Peptides predicted as ligands of HLA-B07:02 in all three samples containing this allele were used as inputs for our mixture model with K = 3. Although these peptides are expected to bind to one allele, different motifs were observed (see Fig. 4B, Supplemental Fig. 4B). These results suggest that this allele is better described using multiple motifs, as it is the case in other peptide-binding proteins such as Src homology 3 domains (24).
Results
Unbiased deconvolution of HLA peptidome
Current MS analysis of naturally processed HLA peptides identifies pools of thousands of peptides that are presented on the different HLA molecule expressed in a given sample (21, 27, 33). However, to exploit the wealth of data provided by this high-throughput technology toward a better understanding of HLA-binding mechanisms, one should ideally deconvolute the contribution of each HLA allele. Peptides from each allele are often modeled with motifs, as shown in the logos of Fig. 1A. As such, we postulated that HLA peptidome data consist of a superposition of different motifs that represent the up-to-six class I alleles expressed in any given sample. From a computational point of view, this kind of superposition can be deconvoluted using the machine-learning framework of mixture models (25, 26). In this work, we implemented such an algorithm for the special case of unsupervised deconvolution of HLA class I peptidome (see Materials and Methods).

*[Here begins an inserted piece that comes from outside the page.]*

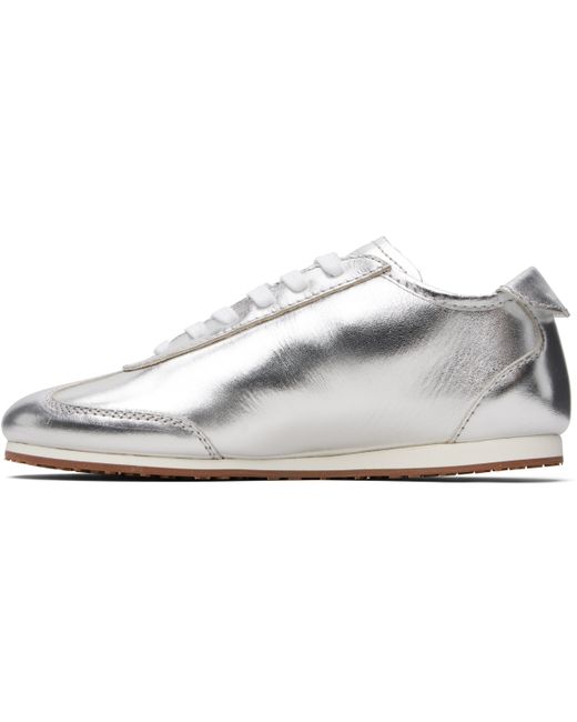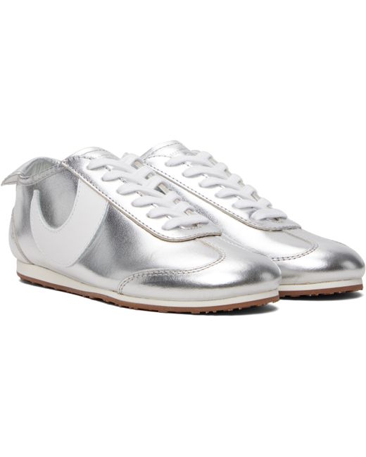 Low-top laminated leather sneakers. · Lace-up closure · Logo embossed at padded tongue · Logo appliqué at outer side · Logo printed at foldover heel tab · Calfskin lining · Foam rubber midsole · Treaded rubber sole Supplier color: Silver
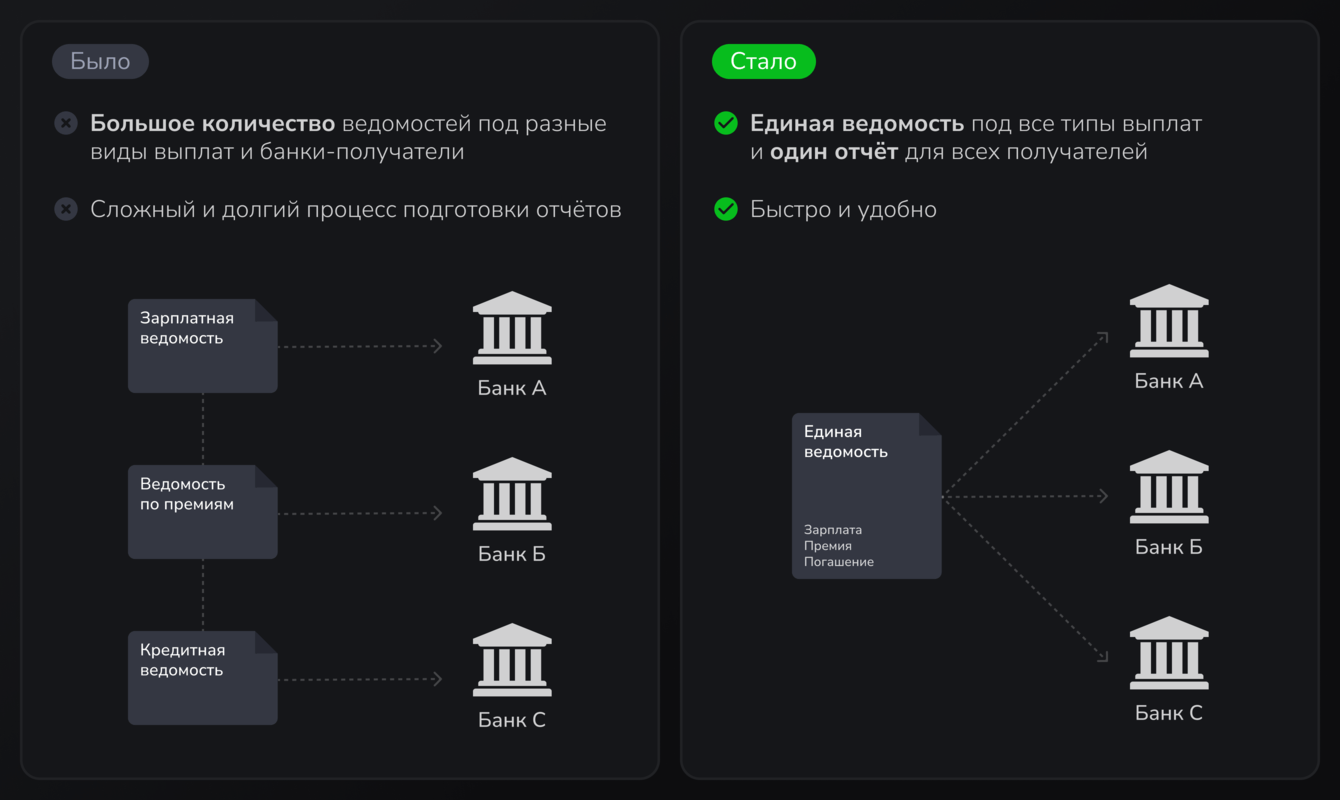 Одновременно банк смог упростить и клиентский сценарий зарплатного проекта. Раньше корпоративным клиентам приходилось готовить несколько ведомостей под разные виды выплат и банки-получатели. Теперь достаточно передать одну ведомость, внутри которой могут быть разные типы выплат. Это существенно упростило сценарий для бухгалтерии и сделало продукт заметно удобнее для бизнеса.

(A) Comparison of 9-mer motifs obtained on one hepatocellular carcinoma cell line (HCC1143) with the mixture model (first line), the Gibbs Clustering approach (second line), and corresponding motifs derived from IEDB data (binding data in the third line and elution data in the fourth line). Numbers below the logos indicate the number of peptides used to build each motif. Parentheses in the second line indicate the size of the intersections between the peptide clusters found by the two unsupervised deconvolution approaches. (B) Number of distinct alleles predicted by the mixture model and the Gibbs Clustering in each sample. Parentheses show the actual number of HLA alleles. (C) Total number of alleles that could be unambiguously detected. As expected, HLA-C alleles are less often seen because their expression is much lower and they tend to display overlapping binding motifs.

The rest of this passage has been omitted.